- Interactive map of Sunflower
- Coordinates: 37°41′12″N 97°22′53″W﻿ / ﻿37.68667°N 97.38139°W
- Country: United States
- State: Kansas
- County: Sedgwick
- City: Wichita
- Elevation: 1,305 ft (398 m)

Population (2016)
- • Total: 6,647
- ZIP code: 67203, 67213
- Area code: 316

= Sunflower, Wichita, Kansas =

Sunflower is a mixed residential and commercial neighborhood in Wichita, Kansas, United States. It lies in the west-central part of the city on the north side of U.S. Route 54.

==Geography==
Sunflower is located at (37.686667, -97.381389) at an elevation of 1305 ft. It consists of the area between West Street in the west and Meridian Avenue in the east and between Central Avenue in the north and U.S. Route 54 in the south. Sunflower borders the neighborhoods of La Placita Park and Indian Hills to the north, Delano to the east, Stanley/Aley to the south, Orchard Breeze to the west, and Orchard Park to the northwest.

==Government==
For the purposes of representation on the Wichita City Council, the portion of Sunflower south of Douglas Avenue is in Council District 4, and the portion north of Douglas is in Council District 6.

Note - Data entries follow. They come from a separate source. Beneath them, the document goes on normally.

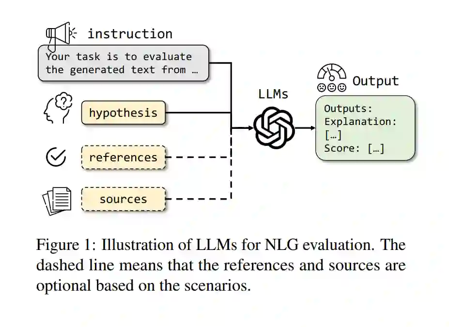 大型语言模型(LLMs)涌现的能力为基于LLM的NLG评估提供了有前景的途径,例如Chain-of-Thought(CoT)(Wei et al., 2022b)、零次学习指令跟随(Wei et al., 2022a)、更好地与人类偏好相一致(Ouyang et al., 2022)等。这些特性使LLMs成为评估NLG输出的有力工具,与传统方法相比提供了更为复杂和更好地与人类一致的评估(Liu et al., 2023c;Kocmi and Federmann, 2023;Fu et al., 2023)。例如,LLMs可以生成合理的解释来支持最终评分(Xu et al., 2023),而利用人类反馈的强化学习(RLHF)可以使LLMs的偏好更好地与人类一致(Ouyang et al., 2022;Zheng et al., 2023)。如图1所示,这些方法的关键策略涉及指示LLMs使用提示来从不同方面评估生成的文本,无论是否有参考资料和来源。然而,众多基于LLM的NLG评估方法,针对不同的任务和目标,缺乏统一的概述。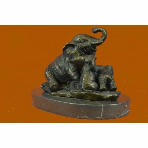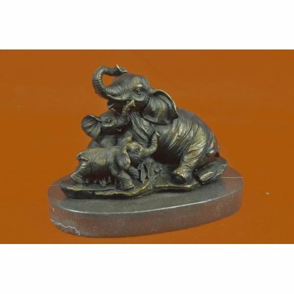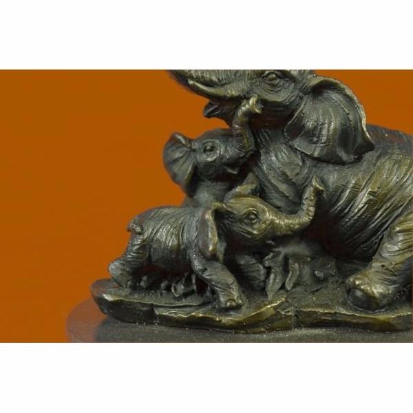 The Elephant Family Celebrates The Unbreakable Bond Between Mother And Child. The Artist Captures A Sweet Moment Between Mother And Child And Uses The Lost-Wax Method To Cast These Figures From Molten Bronze, Then Finishes Them With Hand Applied Patinas. Bronze Dimensions with Marble Base: Height 5 X Width 7 inches. Weight: 5 LBS. Please Note: This is a reproduction bronze sculpture from the original molded and signed. This featured bronze sculpture is a recast after the original, and has been done recently. This 100% bronze sculpture is an abstract piece certain to be a conversation piece.
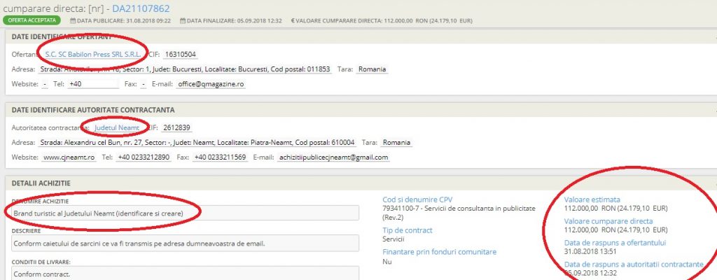 Interesant este că Babilon Press SRL a prins contractul cu CJ-ul condus de Ionel Arsene, prietenul lui Liviu Dragnea, exact în perioada în care Gabriel Firea îl ataca pe președintele PSD la nivel central. Pe 6 septembrie, Q Magazine publica, sub semnătura Norei Noapte, articolul „Clanul Pandele gazează PSD. Dragnea nu cedează… Marea Neagră” al cărui conținut nu-l vom comenta. Mai ales că este ușor de dedus ce a încercat să explice autorul, respectiv că Firea și Pandele ar fi vrut să-l dea jos pe Dragnea, pentru a apăra interesele oculților din afacerea cu gaze din Marea Neagră. Cum spuneam, articolul a fost publicat pe 6 septembrie, la fix o zi după ce Babilon Press SRL, firma care editează revista, prinsese un contract pe bani buni cu CJ-ul condus de Arsene al lui Dragnea. O coincidență interesantă, trebuie să recunoaștem. La fel de ciudat este că reprezentanții Consiliului Județean Neamț mediatizează intens un sondaj de opinie în care întrebările 2 și 3 au legătură fix cu ceea ce trebuie să facă firma Babilon Press SRL pentru banii pe care îi ia de la bugetul județului, și anume să identifice și să creeze brandul turistic al județului Neamț.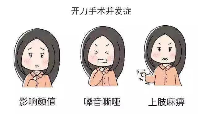 终身服药:传统开刀手术是将病变组织和甲状腺正常组织一并切除,甲状腺器官切除后导致甲状腺激素分泌减少,甲状腺功能出现低下,造成患者终身甲减,需要终身服药来补充甲状腺激素。此外还会造成身体素质下降。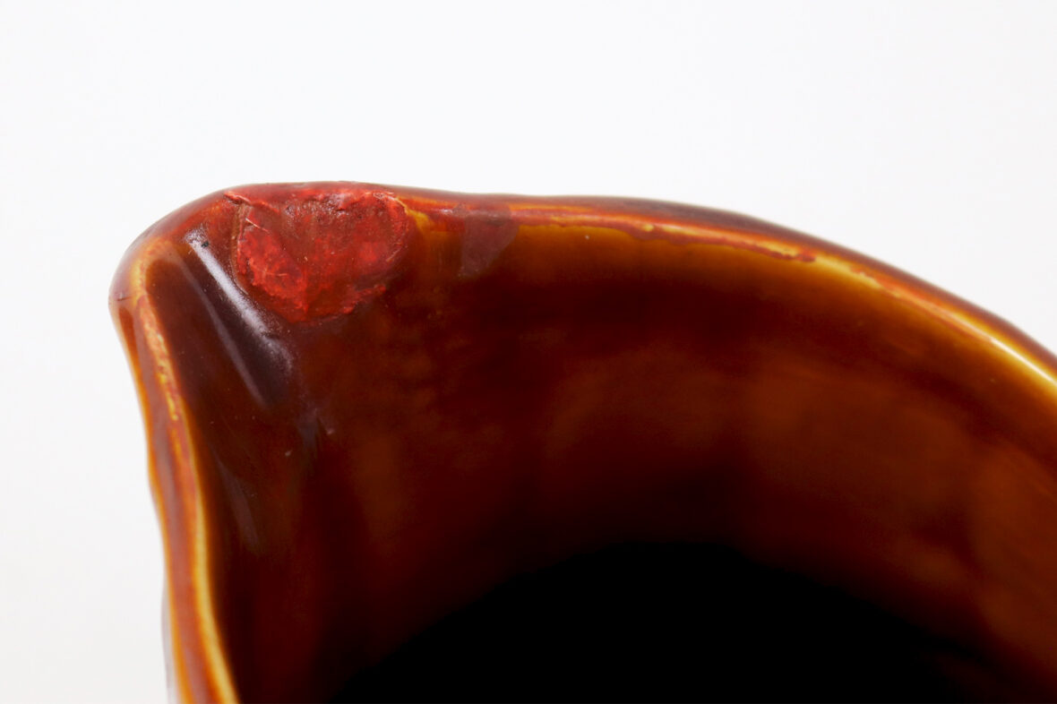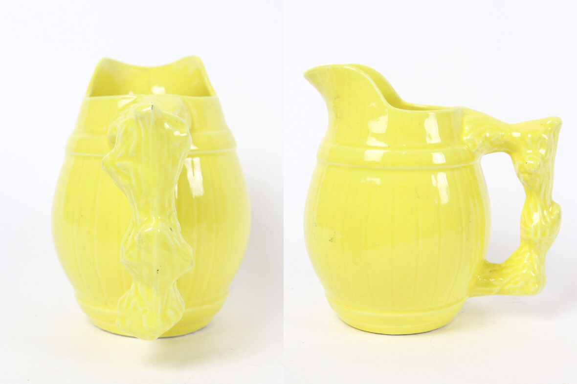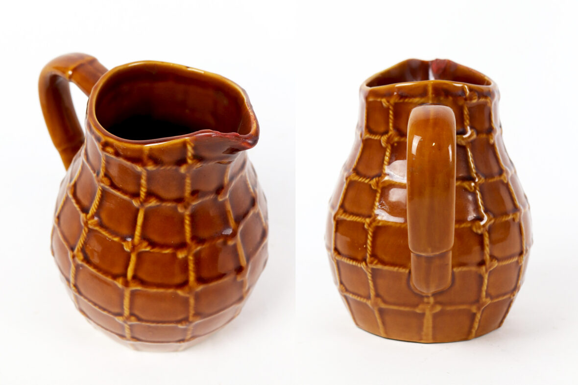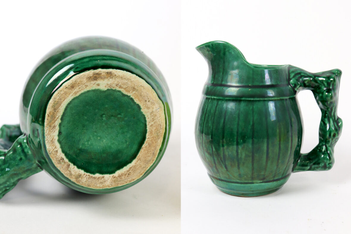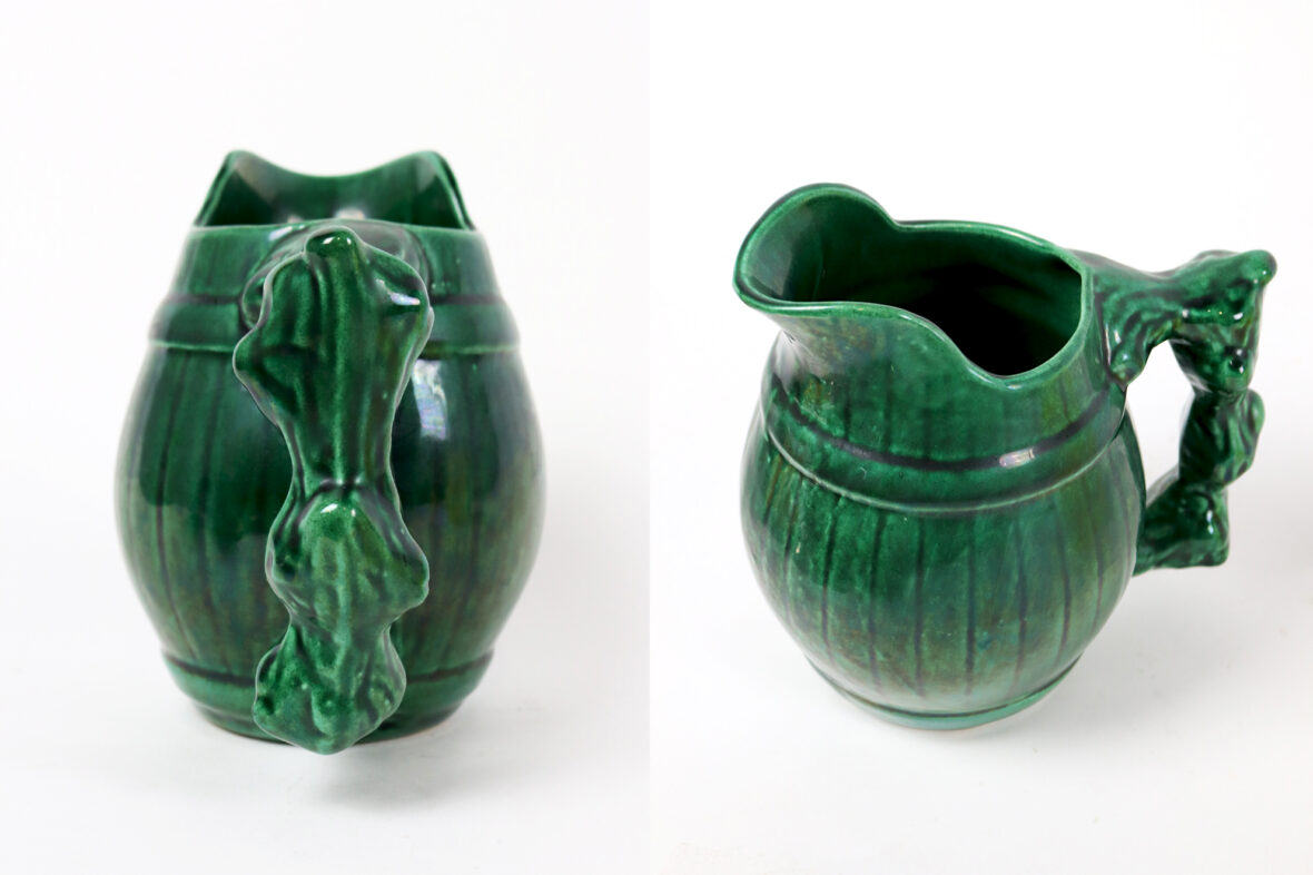 Ensemble de trois pichets en céramique jaune, vert et marron, dont Saint Clément et Longchamp.
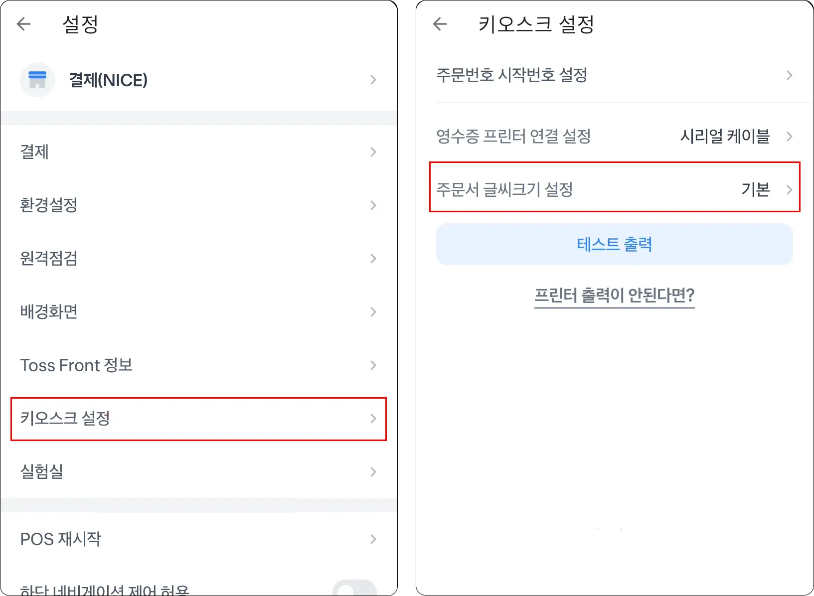 키오스크 설정에서 주문서 글씨크기 설정을 눌러주세요.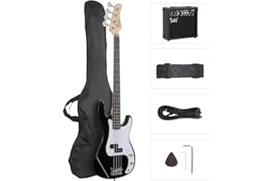 The Glarry Full Size Electric Bass Guitar Beginner Kit is the perfect choice for aspiring musicians. This kit includes a 4-string bass guitar, a powerful amplifier, a cable for easy connectivity, a comfortable strap for playing, a protective bag for transport, and essential accessories. The sleek black finish adds a stylish touch, while the full-size design ensures great playability for both beginners and experienced players. Whether you're practicing at home or performing on stage, this kit provides everything you need to get started on your musical journey.

For the purposes of representation in the Kansas Legislature, Sunflower is in the 25th district of the Kansas Senate and the 95th district of the Kansas House of Representatives.

==Education==
Wichita Public Schools operates two facilities in Sunflower:
- Lawrence Elementary School
- Mayberry Cultural/Fine Arts Magnet Middle School

==Media==
KSAS-TV, the Fox/MyNetworkTV television affiliate in Wichita, and KMTW, a Dabl affiliate licensed to Fellow city Hutchinson, Kansas, broadcast from studios on North West Street in Sunflower. Radio station KSGL, which plays a mixed Christian and Adult Standards format, broadcasts from studios on West Central Avenue in Sunflower.

==Parks and recreation==
The city's Department of Park and Recreation maintains one park in Sunflower: West Douglas Park. The park consists of 16.77 acres and includes a concession stand, an open shelter, playgrounds, softball diamonds, and tennis courts.

==Transportation==
Douglas Avenue and Maple Street, both of which run east–west, are the primary streets through Sunflower. Other arterial roads include: Central Avenue, which runs east–west along the north side of the neighborhood; Meridian Avenue, which runs north–south on the east side; and West Street, which runs north–south on the west side. U.S. Route 54 runs east–west as the Kellogg Avenue freeway along the south side of the neighborhood, accessible via interchanges at West Street, Edwards Street, and Meridian.

Wichita Transit offers bus service in Sunflower on its 11, 12, 14, and 15 routes.

Kansas and Oklahoma Railroad operates a freight rail line which runs northwest–southeast through the northeast corner of the neighborhood and northeast–southwest through the southeast corner of the neighborhood.